BEM-TE-VI, PALIMPSESTO DO ADEUS
BEM-TE-VI, PALIMPSESTO DO ADEUS
BEM
primeira sílaba do universo,
luz inaugural que aprendeu a dizer “sim”.
TE
fio tênue entre quem ama
e quem já é memória.
VI
verbo do instante:
vi-te subir além do alcance
e o céu cravou em mim a tua cura de infinito.
Bem-te-vi
ou será vi-te-bem?
Nas costas do tempo, as duas frases cabem
como asas sobrepostas:
a que parte,
a que permanece.
Be - resto de um beijo que o vento traduziu em pássaro.
Bem-te - juramento soterrado na pausa de um canto.
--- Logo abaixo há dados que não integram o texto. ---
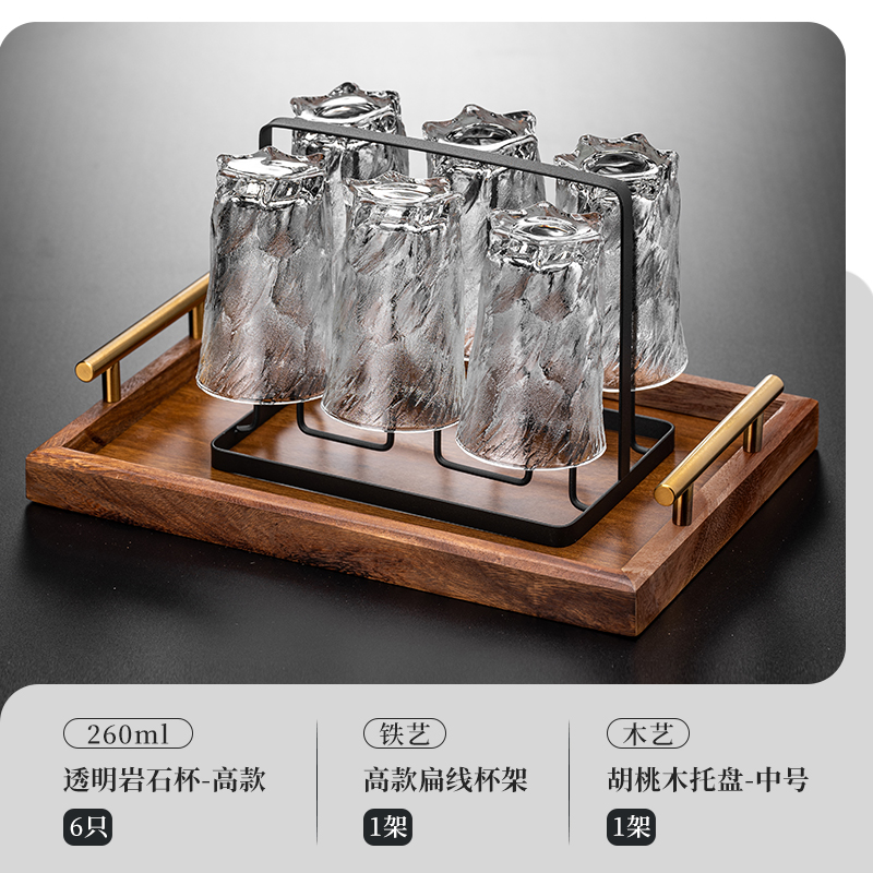 • 260ML 투명 록 키 큰 컵 x6+컵 홀더+호두 트레이

Bem-te-vi - epifania ao contrário:
um som que volta vazio
e, no vazio, engravida o silêncio
de sentido.
se todo voo é pergunta,
teu canto foi resposta
que não sabia o nome das coisas,
mas sabia amar.
bem
na dobra secreta do mundo, ainda é manhã
te
teço contigo um ninho de lembranças
vi
vejo-me inteiro só quando ecoa o teu trinado
bem.te.vi
tríplice pulso que religa
carne e eternidade;
o pássaro risca no ar
o diagrama das saudades,
e cada linha é uma rota
de volta ao abraço
que não cabe mais no espaço.
b e m
t
e
v i
restaram ossos de sílaba sobre o papel,
como se a palavra pousasse
e deixasse penas de sentido.
eu as recolho,
faço delas barco, bússola, estrela-cadente,
pois todo amor que parte
vira constelação à procura de olhos
que ainda saibam ver-te-bem.
Quando o dia adormece no horizonte,
ouço outra vez teu bem-te-vi:
não é pássaro nem eco,
é o relógio imóvel do afeto
marcando a hora exata
em que a ausência se converte
no mais presente dos presentes.
E assim aprendo:
que partir é apenas mudar de verbo;
ficar, é conjugar-te
no futuro de cada aurora.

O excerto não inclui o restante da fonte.